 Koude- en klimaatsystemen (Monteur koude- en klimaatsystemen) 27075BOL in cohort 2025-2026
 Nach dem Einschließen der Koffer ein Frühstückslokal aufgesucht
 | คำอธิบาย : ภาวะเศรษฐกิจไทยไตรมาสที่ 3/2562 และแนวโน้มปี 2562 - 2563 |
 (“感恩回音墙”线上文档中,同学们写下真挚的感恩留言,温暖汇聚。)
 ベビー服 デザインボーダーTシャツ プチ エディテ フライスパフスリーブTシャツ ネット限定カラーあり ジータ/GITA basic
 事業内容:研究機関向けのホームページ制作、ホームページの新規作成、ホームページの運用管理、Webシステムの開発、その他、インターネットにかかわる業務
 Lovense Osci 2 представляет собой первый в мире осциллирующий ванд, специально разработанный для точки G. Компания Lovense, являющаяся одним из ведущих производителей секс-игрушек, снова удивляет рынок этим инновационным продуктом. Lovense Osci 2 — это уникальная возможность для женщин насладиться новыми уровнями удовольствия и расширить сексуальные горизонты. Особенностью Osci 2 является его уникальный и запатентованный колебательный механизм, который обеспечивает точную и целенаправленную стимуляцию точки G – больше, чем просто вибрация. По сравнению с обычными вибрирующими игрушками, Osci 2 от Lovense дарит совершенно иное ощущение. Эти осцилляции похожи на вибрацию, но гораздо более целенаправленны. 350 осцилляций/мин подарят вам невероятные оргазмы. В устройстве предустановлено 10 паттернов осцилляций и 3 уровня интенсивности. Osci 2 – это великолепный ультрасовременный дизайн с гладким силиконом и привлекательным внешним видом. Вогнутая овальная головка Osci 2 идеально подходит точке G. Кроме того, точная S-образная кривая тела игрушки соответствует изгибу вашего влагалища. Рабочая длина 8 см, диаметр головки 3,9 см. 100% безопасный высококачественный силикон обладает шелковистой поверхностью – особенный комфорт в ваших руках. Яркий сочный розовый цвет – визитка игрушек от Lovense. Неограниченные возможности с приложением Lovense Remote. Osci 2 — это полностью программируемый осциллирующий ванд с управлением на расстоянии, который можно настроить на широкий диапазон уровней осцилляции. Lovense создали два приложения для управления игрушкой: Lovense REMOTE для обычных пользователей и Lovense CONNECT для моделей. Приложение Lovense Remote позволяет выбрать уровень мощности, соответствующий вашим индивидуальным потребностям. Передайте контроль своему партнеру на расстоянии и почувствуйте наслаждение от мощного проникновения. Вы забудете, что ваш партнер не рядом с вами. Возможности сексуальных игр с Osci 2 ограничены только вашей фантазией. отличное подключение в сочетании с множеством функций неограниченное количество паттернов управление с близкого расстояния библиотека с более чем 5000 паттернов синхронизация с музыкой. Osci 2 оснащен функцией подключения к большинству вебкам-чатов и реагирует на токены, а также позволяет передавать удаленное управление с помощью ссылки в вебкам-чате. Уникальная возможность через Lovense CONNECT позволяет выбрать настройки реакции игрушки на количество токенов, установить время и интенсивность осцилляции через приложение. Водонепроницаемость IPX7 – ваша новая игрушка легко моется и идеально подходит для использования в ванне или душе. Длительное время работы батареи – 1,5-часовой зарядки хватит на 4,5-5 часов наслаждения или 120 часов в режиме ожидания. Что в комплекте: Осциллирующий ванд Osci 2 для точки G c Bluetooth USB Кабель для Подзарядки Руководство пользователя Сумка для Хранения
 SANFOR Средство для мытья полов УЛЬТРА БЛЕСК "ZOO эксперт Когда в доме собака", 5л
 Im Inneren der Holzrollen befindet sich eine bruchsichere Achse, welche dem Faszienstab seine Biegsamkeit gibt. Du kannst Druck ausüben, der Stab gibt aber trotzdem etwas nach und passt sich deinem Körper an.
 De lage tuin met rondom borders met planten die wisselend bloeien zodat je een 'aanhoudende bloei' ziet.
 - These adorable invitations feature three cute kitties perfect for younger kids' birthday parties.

::::

_Required work_
Each line of the material above must be retyped precisely.

_Answer below_
 Koude- en klimaatsystemen (Monteur koude- en klimaatsystemen) 27075BOL in cohort 2025-2026
 Nach dem Einschließen der Koffer ein Frühstückslokal aufgesucht
 | คำอธิบาย : ภาวะเศรษฐกิจไทยไตรมาสที่ 3/2562 และแนวโน้มปี 2562 - 2563 |
 (“感恩回音墙”线上文档中,同学们写下真挚的感恩留言,温暖汇聚。)
 ベビー服 デザインボーダーTシャツ プチ エディテ フライスパフスリーブTシャツ ネット限定カラーあり ジータ/GITA basic
 事業内容:研究機関向けのホームページ制作、ホームページの新規作成、ホームページの運用管理、Webシステムの開発、その他、インターネットにかかわる業務
 Lovense Osci 2 представляет собой первый в мире осциллирующий ванд, специально разработанный для точки G. Компания Lovense, являющаяся одним из ведущих производителей секс-игрушек, снова удивляет рынок этим инновационным продуктом. Lovense Osci 2 — это уникальная возможность для женщин насладиться новыми уровнями удовольствия и расширить сексуальные горизонты. Особенностью Osci 2 является его уникальный и запатентованный колебательный механизм, который обеспечивает точную и целенаправленную стимуляцию точки G – больше, чем просто вибрация. По сравнению с обычными вибрирующими игрушками, Osci 2 от Lovense дарит совершенно иное ощущение. Эти осцилляции похожи на вибрацию, но гораздо более целенаправленны. 350 осцилляций/мин подарят вам невероятные оргазмы. В устройстве предустановлено 10 паттернов осцилляций и 3 уровня интенсивности. Osci 2 – это великолепный ультрасовременный дизайн с гладким силиконом и привлекательным внешним видом. Вогнутая овальная головка Osci 2 идеально подходит точке G. Кроме того, точная S-образная кривая тела игрушки соответствует изгибу вашего влагалища. Рабочая длина 8 см, диаметр головки 3,9 см. 100% безопасный высококачественный силикон обладает шелковистой поверхностью – особенный комфорт в ваших руках. Яркий сочный розовый цвет – визитка игрушек от Lovense. Неограниченные возможности с приложением Lovense Remote. Osci 2 — это полностью программируемый осциллирующий ванд с управлением на расстоянии, который можно настроить на широкий диапазон уровней осцилляции. Lovense создали два приложения для управления игрушкой: Lovense REMOTE для обычных пользователей и Lovense CONNECT для моделей. Приложение Lovense Remote позволяет выбрать уровень мощности, соответствующий вашим индивидуальным потребностям. Передайте контроль своему партнеру на расстоянии и почувствуйте наслаждение от мощного проникновения. Вы забудете, что ваш партнер не рядом с вами. Возможности сексуальных игр с Osci 2 ограничены только вашей фантазией. отличное подключение в сочетании с множеством функций неограниченное количество паттернов управление с близкого расстояния библиотека с более чем 5000 паттернов синхронизация с музыкой. Osci 2 оснащен функцией подключения к большинству вебкам-чатов и реагирует на токены, а также позволяет передавать удаленное управление с помощью ссылки в вебкам-чате. Уникальная возможность через Lovense CONNECT позволяет выбрать настройки реакции игрушки на количество токенов, установить время и интенсивность осцилляции через приложение. Водонепроницаемость IPX7 – ваша новая игрушка легко моется и идеально подходит для использования в ванне или душе. Длительное время работы батареи – 1,5-часовой зарядки хватит на 4,5-5 часов наслаждения или 120 часов в режиме ожидания. Что в комплекте: Осциллирующий ванд Osci 2 для точки G c Bluetooth USB Кабель для Подзарядки Руководство пользователя Сумка для Хранения
 SANFOR Средство для мытья полов УЛЬТРА БЛЕСК "ZOO эксперт Когда в доме собака", 5л
 Im Inneren der Holzrollen befindet sich eine bruchsichere Achse, welche dem Faszienstab seine Biegsamkeit gibt. Du kannst Druck ausüben, der Stab gibt aber trotzdem etwas nach und passt sich deinem Körper an.
 De lage tuin met rondom borders met planten die wisselend bloeien zodat je een 'aanhoudende bloei' ziet.
 - These adorable invitations feature three cute kitties perfect for younger kids' birthday parties.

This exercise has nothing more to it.